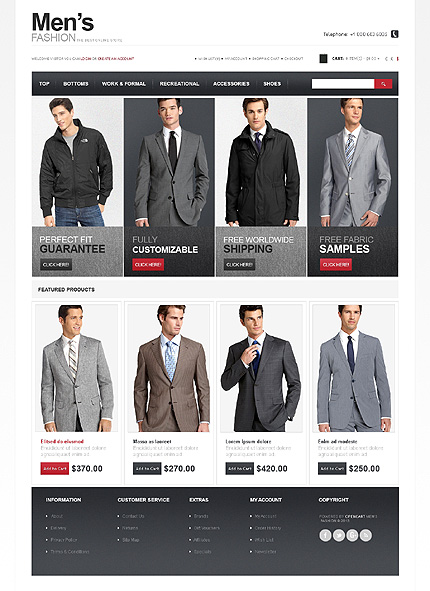 Template Name: Men's Fashion Item number: 43627 Template Type: OpenCart Author: Sawyer Downloads: 1 OpenCart Engine: 1.5.5.1 OpenCart Compatibility: 1.5.5.1 Sources Available: .PSD;.PNG;.PHP;.TPL;.JS Software Required: Adobe Photoshop CS+;Apache Server;Adobe Dreamweaver 8+ (or any php-editor);For uncompressing a template ZIP package: ...
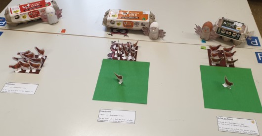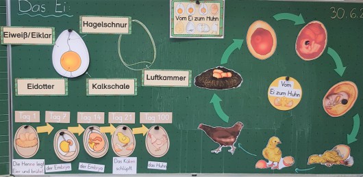 In der 1. Klasse gab es jede Menge Wissenswertes zu Henne und Ei zu entdecken. Dabei konnte man sich u.a über die Entwicklung eines Kükens oder über unterschiedliche Haltungsformen informieren.
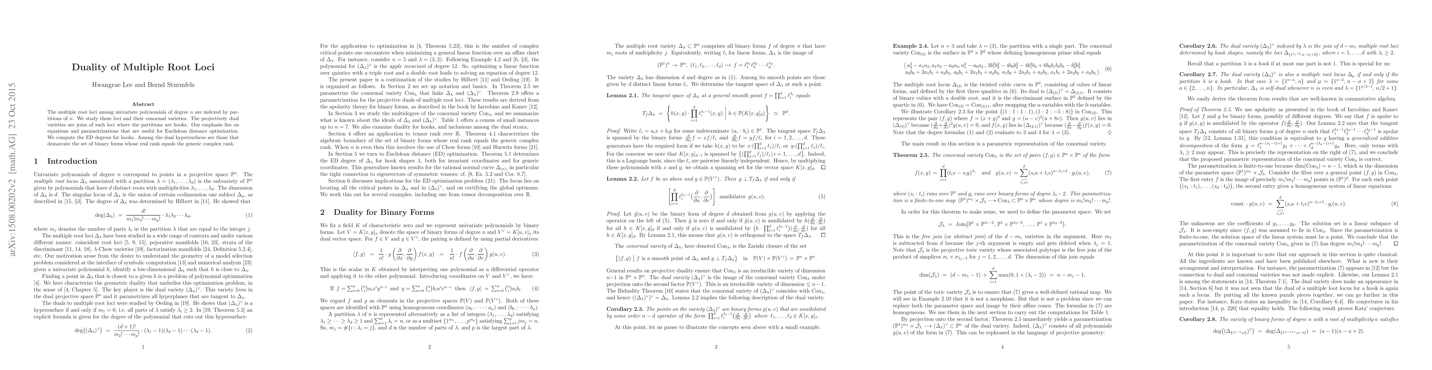 The multiple root loci among univariate polynomials of degree $n$ are indexed by partitions of $n$. We study these loci and their conormal varieties. The projectively dual varieties are joins of such loci where the partitions are hooks. Our emphasis lies on equations and parametrizations that are useful for Euclidean distance optimization. We compute the ED degrees for hooks. Among the dual hypersurfaces are those that demarcate the set of binary forms whose real rank equals the generic complex rank.
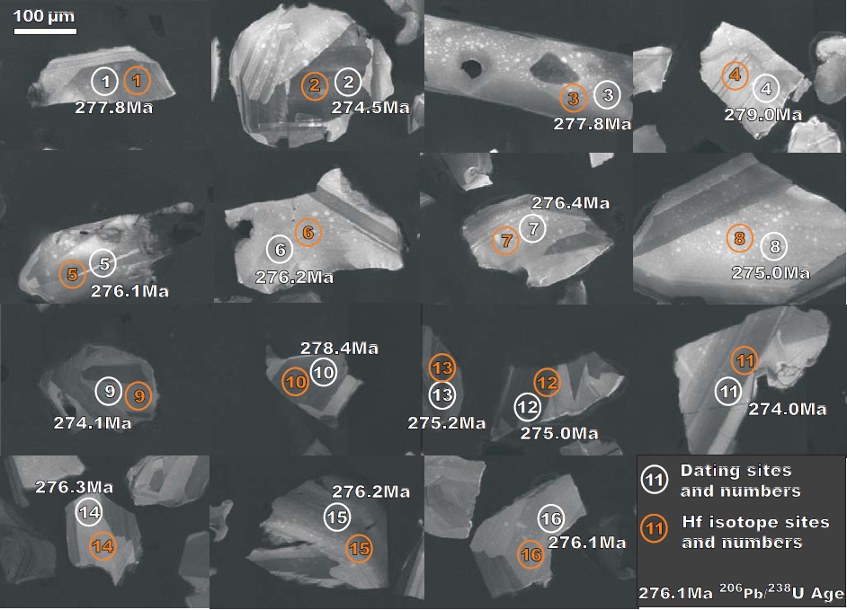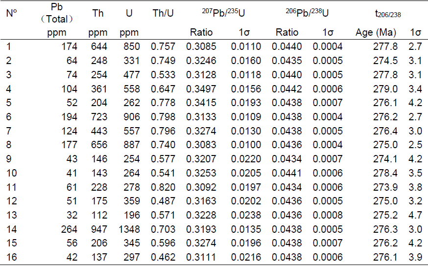 The U-Pb age of the magnetite-mineralized gabbro is 276±1.7Ma (n=16, MSWD=0.2; Fig. 7). The U-Pb ages of the zircon crystals separated from the gabbro intrusions, which formed the wallrock of the Poshi, Poyi, and Podong ultramafic rocks, where the Cu-Ni ores exist, are 274±4 and 278±2Ma (Jiang et al., 2006; Li et al., 2006c). The fact that these two types of rock show the same age indicates that the rocks hosting the Cu-Ni and magnetite ore deposits probably originated from the same parental magma.

• • • • •

→ **AIM OF THE TASK**
Starting at the first line of the data, set down each line exactly until you have copied the line with "The multiple root", but leave the pictures out.

→ **ANSWER TO THE EXERCISE**
 Template Name: Men's Fashion Item number: 43627 Template Type: OpenCart Author: Sawyer Downloads: 1 OpenCart Engine: 1.5.5.1 OpenCart Compatibility: 1.5.5.1 Sources Available: .PSD;.PNG;.PHP;.TPL;.JS Software Required: Adobe Photoshop CS+;Apache Server;Adobe Dreamweaver 8+ (or any php-editor);For uncompressing a template ZIP package: ...
 In der 1. Klasse gab es jede Menge Wissenswertes zu Henne und Ei zu entdecken. Dabei konnte man sich u.a über die Entwicklung eines Kükens oder über unterschiedliche Haltungsformen informieren.
 The multiple root loci among univariate polynomials of degree $n$ are indexed by partitions of $n$. We study these loci and their conormal varieties. The projectively dual varieties are joins of such loci where the partitions are hooks. Our emphasis lies on equations and parametrizations that are useful for Euclidean distance optimization. We compute the ED degrees for hooks. Among the dual hypersurfaces are those that demarcate the set of binary forms whose real rank equals the generic complex rank.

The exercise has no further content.